The f-block elements are those in which the differentiating electrons enters the (n-2)f orbitals. There are two series of f-Block elements corresponding to filling of 4f and 5f-orbitals. The series of 4f-orbitals is called lanthanides. Lanthanides show different oxidation states depending upon stability of f⁰, f⁷ and f¹⁴ configurations, though the most common oxidation states is +3. There is a regular decrease in the size of lanthanides ions with increase in atomic number which is known as lanthanides contraction.

Out of the following which member of the lanthanide series which is well known to exhibit +4 oxidation state?

Cerium (Z=58)

The correct answer is option 1. Cerium (Z=58).

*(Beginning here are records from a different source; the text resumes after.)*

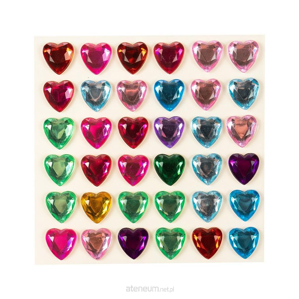 Dekoracyjne kryształki w kształcie kolorowych serduszek. Ozdobne diamenciki samoprzylepne, mix ozdób do prac kreatywnych, szkolnych, dekoracji kartek urodzinowych, zaproszeń, albumów ze zdjęciami, przedmiotów. 36 sztuk na blistrze o wymiarze 8 cm x 8 cm.
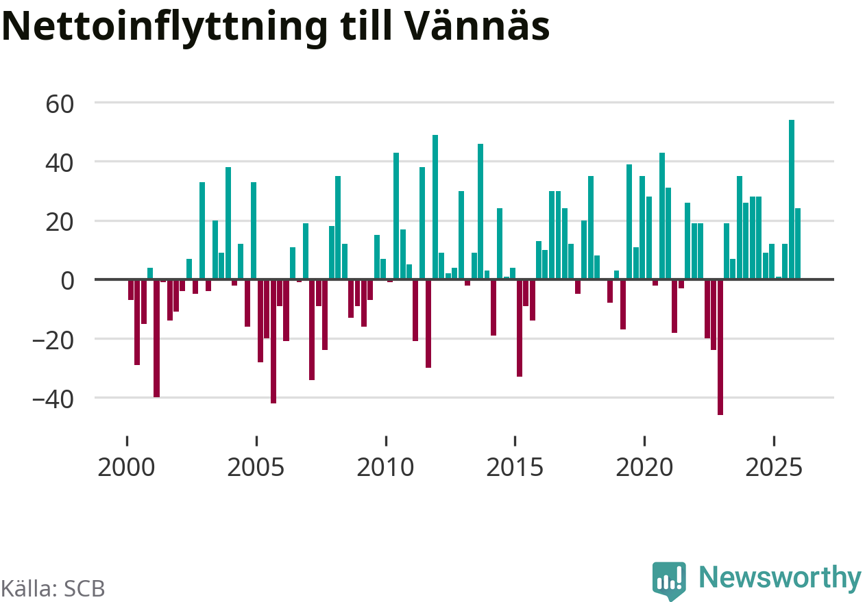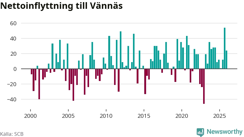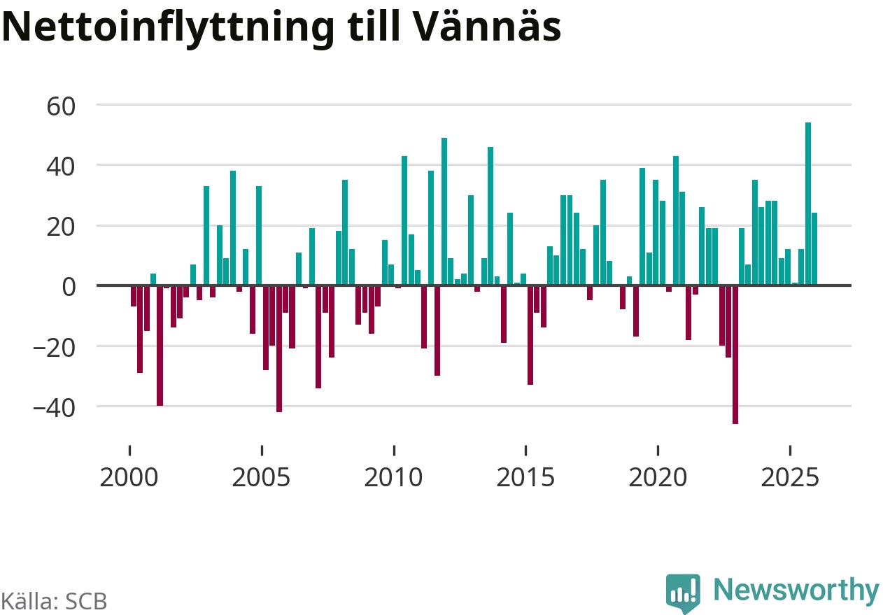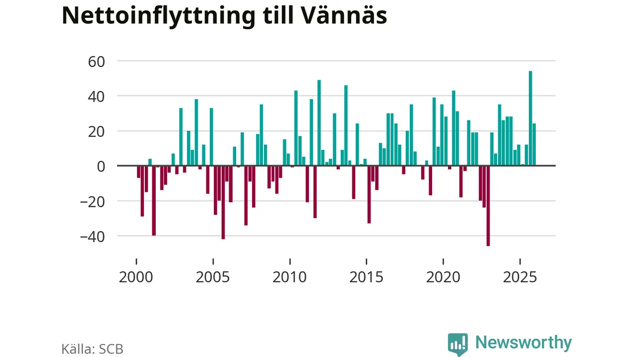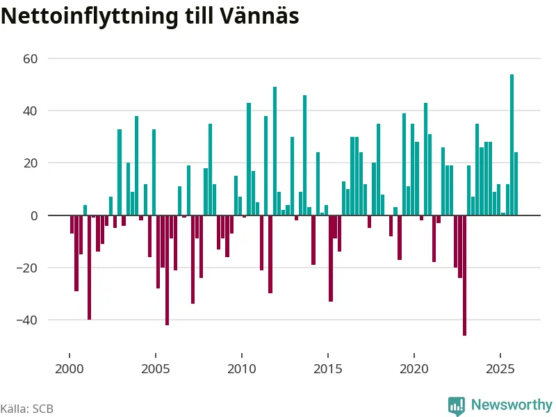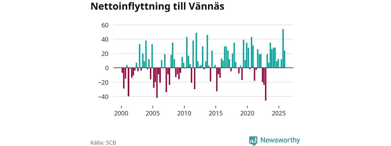 Under fjärde kvartalet 2025 flyttade 114 personer till kommunen medan 90 personer flyttade därifrån. Sedan seklets början har Vännäs oftast haft ett positivt flyttnetto, inklusive det senaste kvartalet.
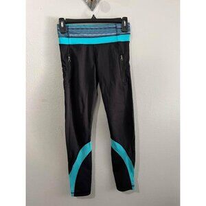 Lululemon Athletica Inspire Tight Size 4 Black And Teal Side Pockets With Zipper
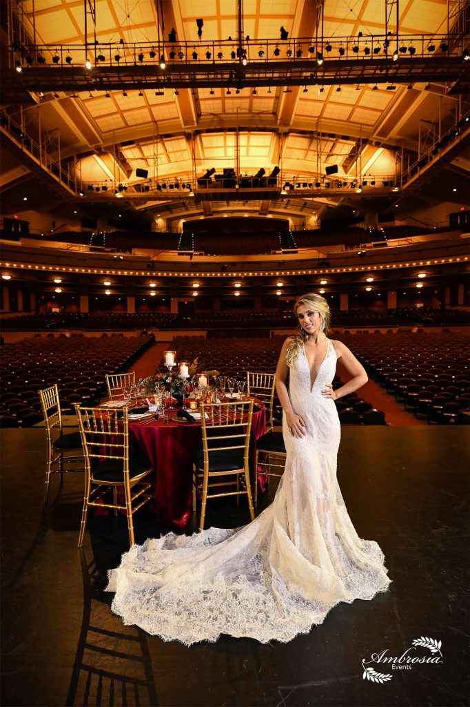 Ambrosia Events recently partnered with Miller High Life Theatre and collaborated with other event specialists to produce this beautiful wedding styling. Showcasing how Ambrosia Events can transform non-conventional space into a one-of-a-kind stylish event.
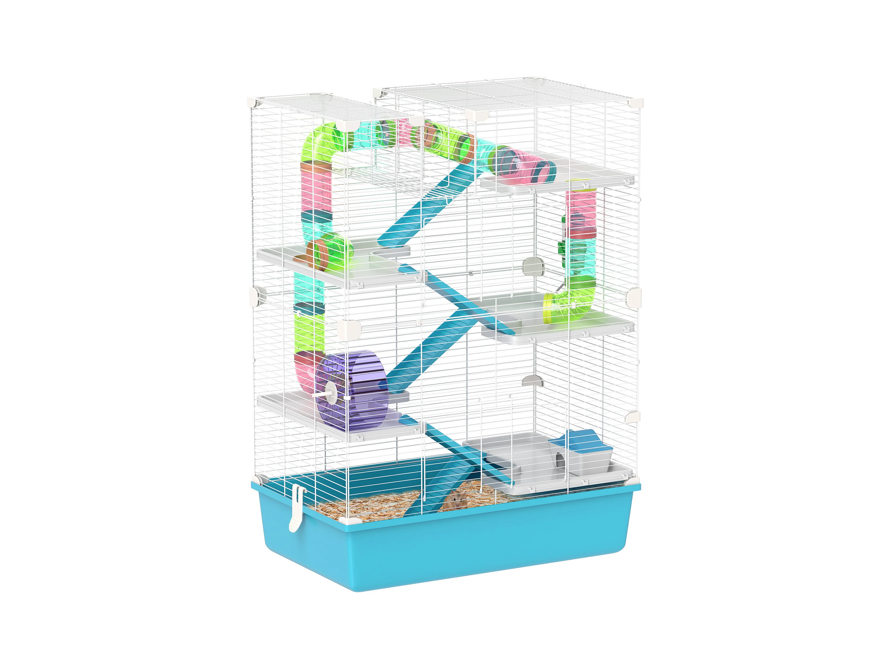 Gabbia per criceti 5 livelli con tubi casetta e ruota azzurra e bianca
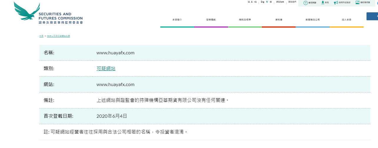 Name: www. huayafx .com Category: Suspicious Website Website: www. huayafx .com Remarks: The above websites are not licensed by the SFC 亞華期貨有限公司 There is no connection. Date of first publication: June 4, 2020 Note: Suspicious website operators often use similar names to legitimate companies, confusing investors. " The Unlicensed Companies and Suspicious Websites list lists companies that are not licensed in Hong Kong and that have attracted the attention of the SFC. These companies are suspected of being or were marketing to Hong Kong investors, or claiming to have links to Hong Kong. You can search by name or category to see if a company is on the list. This list is not exhaustive. As the SFC often finds companies or websites of note, new ones are added to the list from time to time. If you have been approached by an unlicensed company, please use our online complaint form. For further information on boiler rooms, fraudulent websites and phishing emails, please click on the relevant links. NOTE: The list of unlicensed companies and suspicious websites is intended To issue an early warning to investors. Investors cannot rely solely on the information in the above list, they need to carefully check the details of individual companies. Please select the first English letter of the name of each column to view the list, or click "Chinese name" The column browses companies with Chinese names only."
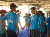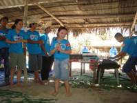The groups meet with their leader in huts for activities to help get to know each other. | |||||||||
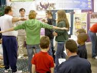 和学生们一起来到国际节的还有许多老师和家长,通过学员的介绍,他们也对法轮大法真象有了不少了解。几乎所有了解真象的人都对在中国遭受迫害的法轮功学员表示了同情,对大法在中国遭受的残酷镇压表示震惊,对大法的美好表示了赞许。还有一些家长当场就带着自己的孩子开始学炼法轮功。有一位西方家长在和学员交流之后,对大法产生了强烈的兴趣,还特地叫来三个孩子,一起跟着学员炼动功,并表示会支持大法和法轮功学员。

Among the given options, the lanthanide that is well known to exhibit the +4 oxidation state is Cerium (Z=58).

1. Cerium (Ce, Z=58): Cerium is the most well-known lanthanide to exhibit a +4 oxidation state. It can lose all four valence electrons (one from the 5d orbital and three from the 4f orbital) to form Ce^4+. This is particularly stable due to the resulting empty 4f orbital.

2. Europium (Eu, Z=63): Europium typically exhibits +2 and +3 oxidation states. The +2 state is relatively stable due to the half-filled 4f^7 configuration.

3. Lanthanum (La, Z=57): Lanthanum primarily exhibits a +3 oxidation state. It does not typically exhibit a +4 oxidation state.

4. Gadolinium (Gd, Z=64): Gadolinium usually exhibits a +3 oxidation state. It has a stable half-filled 4f^7 configuration in the +3 state and does not commonly exhibit a +4 oxidation state.

Summary: Cerium (Ce) is the lanthanide that is well known to exhibit the +4 oxidation state, making it unique among the lanthanides in this regard.